The Holy Father focused his homily on Psalm 23, applied to the two women presented in the readings for the Fifth Monday of Lent: Susanna and the woman caught in adultery (Daniel 13; John 8:1-11).
Pope Francis began his homily reciting the first half of Psalm 23, the Responsorial Psalm for the day. Both Susanna and the woman caught in adultery experienced the Lord’s presence in the dark valley, he said. Innocent Susanna had been falsely accused, the other had committed sin. Both had a death sentence hanging over their heads.
The Fathers of the Church saw a figure of the Church in these women: holy but with sinful children. … Both women were desperate…. Susanna trusts in the Lord.
Two groups of men
The pope went on to comment on the two groups of men present. Both groups “had positions in the church.” The group of judges, and the doctors of the law. Those who condemned Susanna were corrupt; those who condemned the woman caught in adultery were hypocrites.
One woman fell into the hands of hypocrites, the other into the hands of the corrupt. There was no way out…. Both women were in a valley of darkness…heading toward death. The first explicitly entrusts herself to the Lord, and the Lord intervened. The second… knows she’s guilty. She’s ashamed in front of all the people…. The Gospel doesn’t say it, but surely she was praying inside, asking for some type of help.
Both the men and the women receive the Lord’s intervention.
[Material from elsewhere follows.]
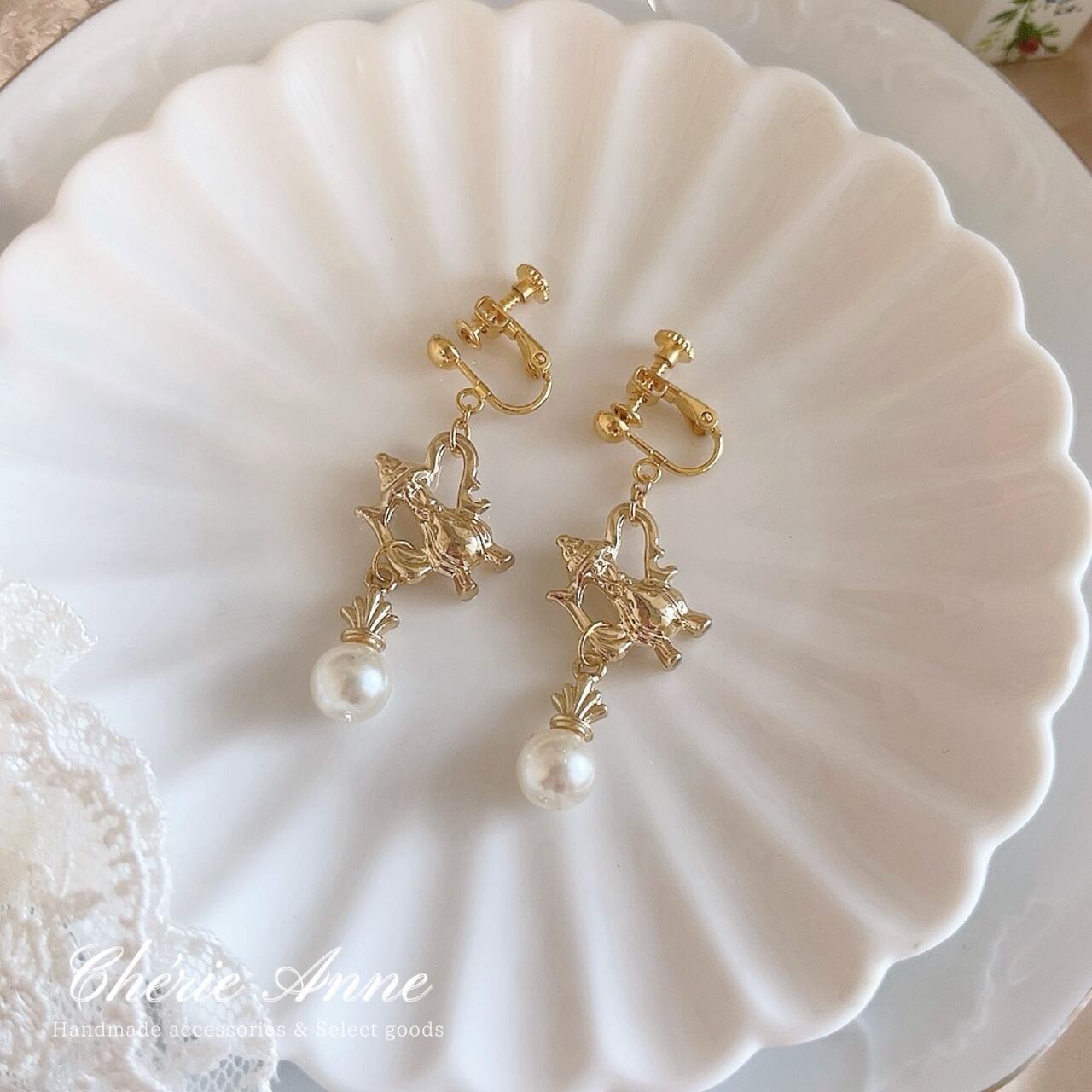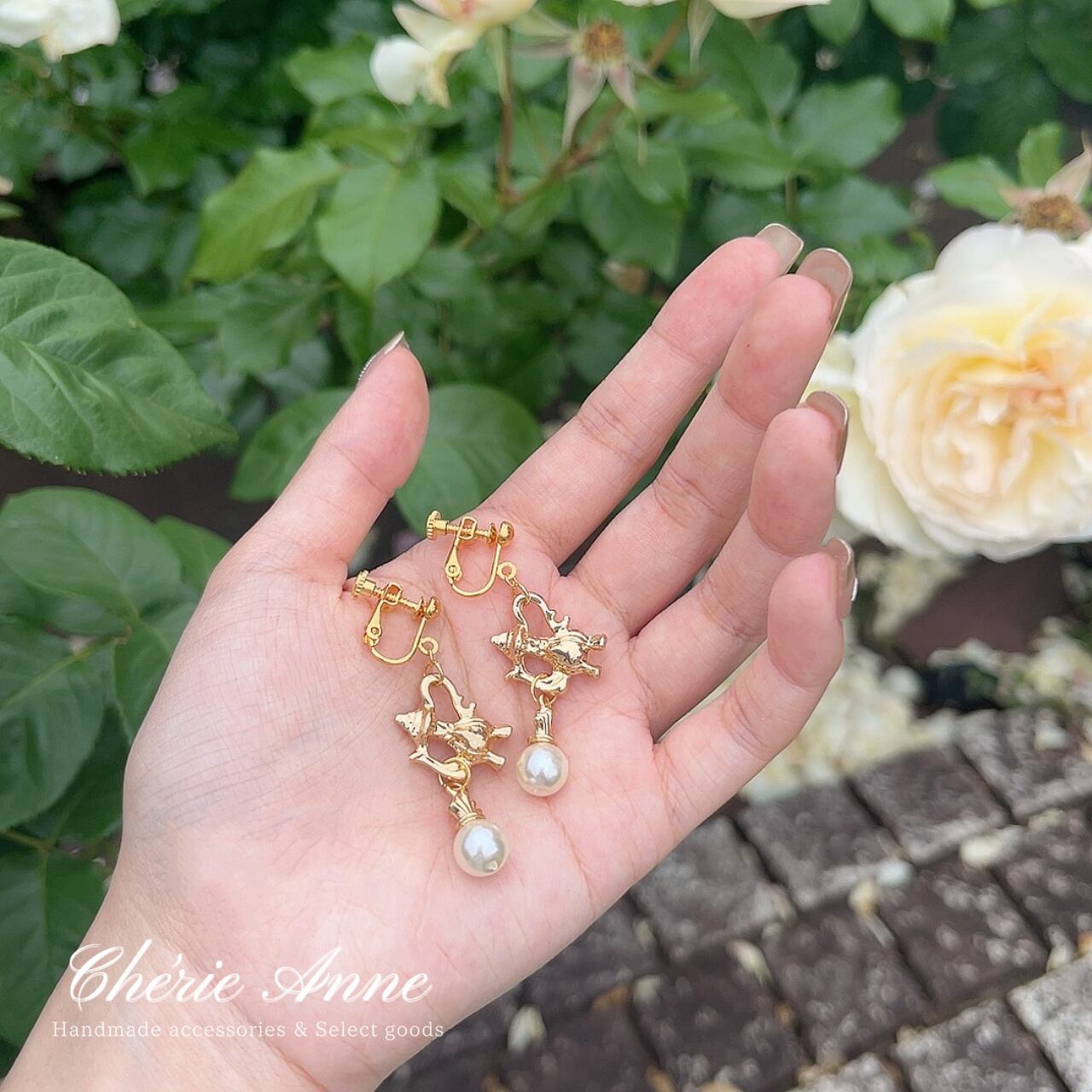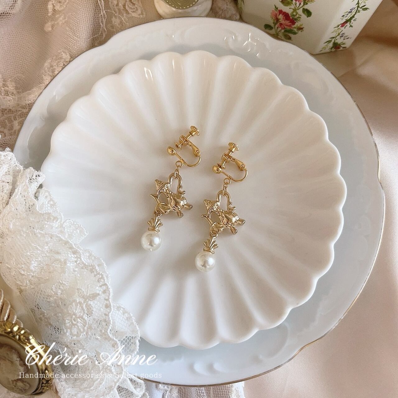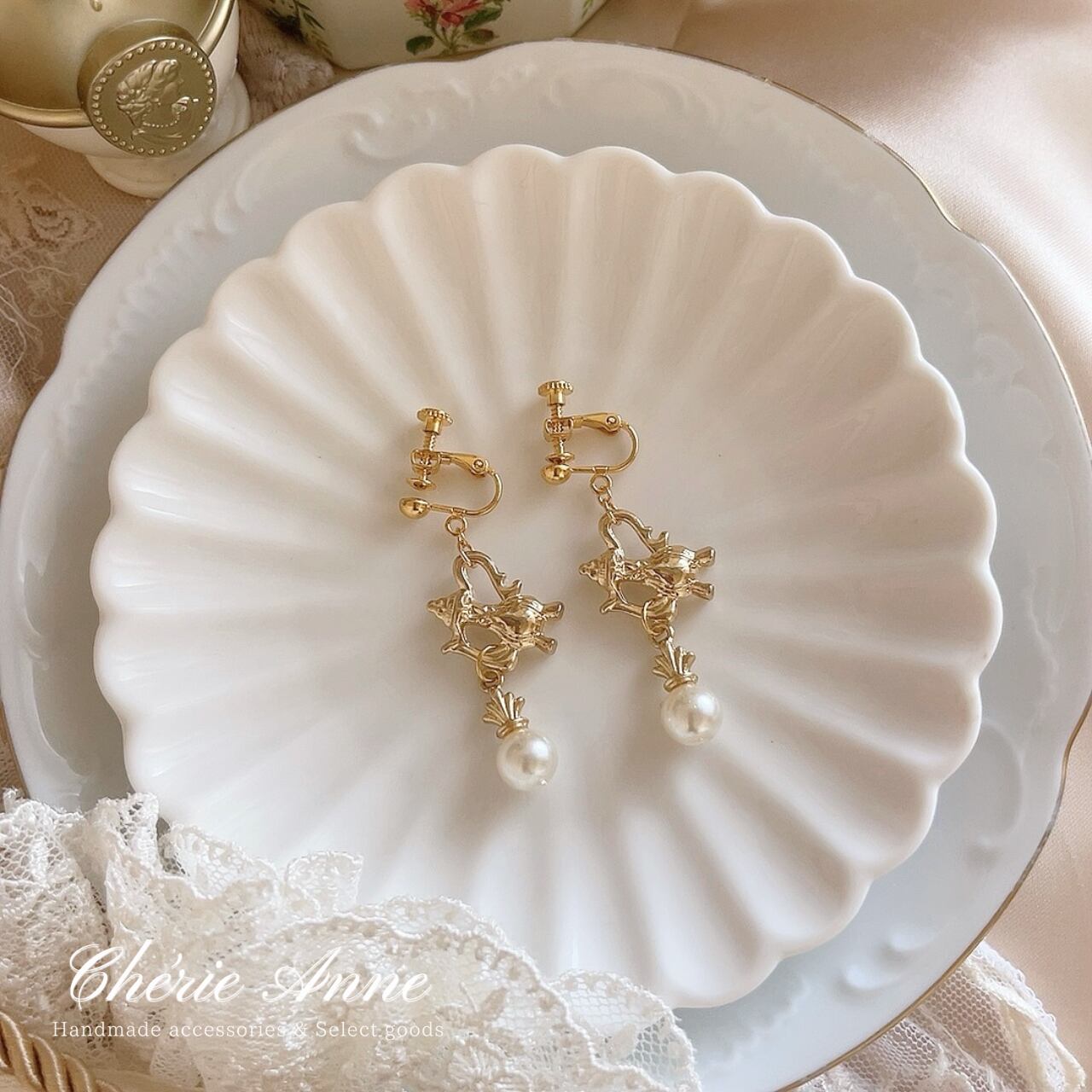 ローズガーデンのティーパーティーをテーマにしたイヤリングです。

He justifies Susanna and forgives the adulterous woman, the pope said. The corrupt judges are themselves condemned, and the hypocrites are helped to convert themselves.
He does not forgive the corrupt ones, simply because the corrupt person is incapable of asking for forgiveness…. They are sure of themselves, they destroy, and continue to exploit people…. They put themselves in place of God.
The Lord responds to the women. He frees Susanna from the corrupt men… To the other He says, ‘Neither do I condemn you. Go, and sin no more.’
In Susanna’s case, the pope said, the people praised God. And those present with Jesus and the woman caught in adultery “learn about God’s mercy.” These are lessons we all need to learn because “each one of us has our own story, our own personal sins,” the pope said.
Let’s look to the Lord, who does justice, but who is extremely merciful… May each one of us, seeing how Jesus acted in these cases, entrust ourselves to God’s mercy and pray, trusting in God’s mercy, asking forgiveness, because God ‘guides me along the right path. He is true to his name. If I should walk in the valley of darkness’ the valley of sin, ‘no evil would I fear. You are there with your crook and your staff; with these you give me comfort.